Expected behavior No exception

Code Snippets

static void Main(string[] args)
{
    using(var fileStream = File.OpenRead(@"All mail Including Spam and Trash-002.mbox"))
    {
        var parser = new MimeParser(stream, MimeFormat.Mbox);
        while (!parser.IsEndOfStream)
        {
            parser.ParseMessage();
        }  
    }
}

Additional context

exception_complete_anon.txt anonymized complete offending email
exception_MboxMarkerOffset_anon.txt anonymized offending email starting from MboxMarkerOffset

Workaround If I modify IsMboxMarker() to allow 'From ', but ignore 'From :', the exception is not raised. However, I'm not familiar with RFC standards or the performance impact to suggest this as a permanent fix (also, my test case to prove the fix includes a very private ~11GB file):

... *inptr++ == (byte) 'm' && *inptr++ == (byte) ' ' && *inptr != (byte) ':'

jstedfast commented 7 months ago

The change to IsMboxMarker is wallpapering over the real problem. Somehow buffering state is getting messed up such that it is skipping over the real mbox marker and a ton of headers and getting confused, thinking that the mbox marker is in the middle of the DKIM header value.

This could be caused by a few things:

The MimeParser is set to RespectContentLength and the previous message has a Content-Length header value that specifies a length that is longer than the real contents
The MimeParser is set to treat the stream as persistent and your code is consuming the message inside the loop that is parsing the messages, thereby throwing off the stream's seek position out from under the MimeParser.
There's a buffer boundary issue bug in the parser.

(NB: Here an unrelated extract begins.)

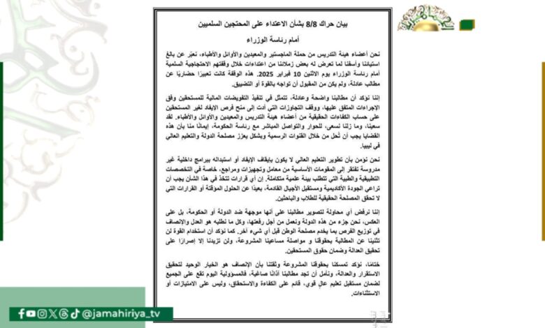 وتابع حراك 8/8 سعينا وما زلنا نسعى للحوار والتواصل المباشر مع رئاسة الحكومة، إيمانا منا بأن هذه القضايا يجب أن تُحل من خلال القنوات الرسمية وبشكل يعزز مصلحة الدولة والتعليم العالي

Have you tried the ExperimentalMimeParser?

At the very least it should be faster.

olivier2 commented 7 months ago

Thanks for the quick feedback!

The MimeParser is set to RespectContentLength and the previous message has a Content-Length header value that specifies a length that is longer than the real contents

I'm using defaults options, so RespectContentLength is set to false. Also, I tried recreating the email context with several messages before and after, but that didn't reproduce the problem so far.

The MimeParser is set to treat the stream as persistent and your code is consuming the message inside the loop that is parsing the messages, thereby throwing off the stream's seek position out from under the MimeParser.

Persistent was the default (false) in the test (see posted code snippet) and I'm not messing with the stream.

There's a buffer boundary issue bug in the parser.

That's my assumption as well, but I'm not sure how to tweak the code to force a reproduction of the issue.

Have you tried the ExperimentalMimeParser?

I just did and it runs flawlessly!

jstedfast commented 7 months ago

I'm using defaults options, so RespectContentLength is set to false. Also, I tried recreating the email context with several messages before and after, but that didn't reproduce the problem so far.

Yea, if it's a buffering issue (and based on the fact that you are using the defaults and not doing anything with the stream, it sounds like it is), it'll be difficult to construct an mbox that will reproduce the issue because it'll likely be a corner case where some token or another needs to cross a read boundary at some stage in parsing, causing things to get out of whack.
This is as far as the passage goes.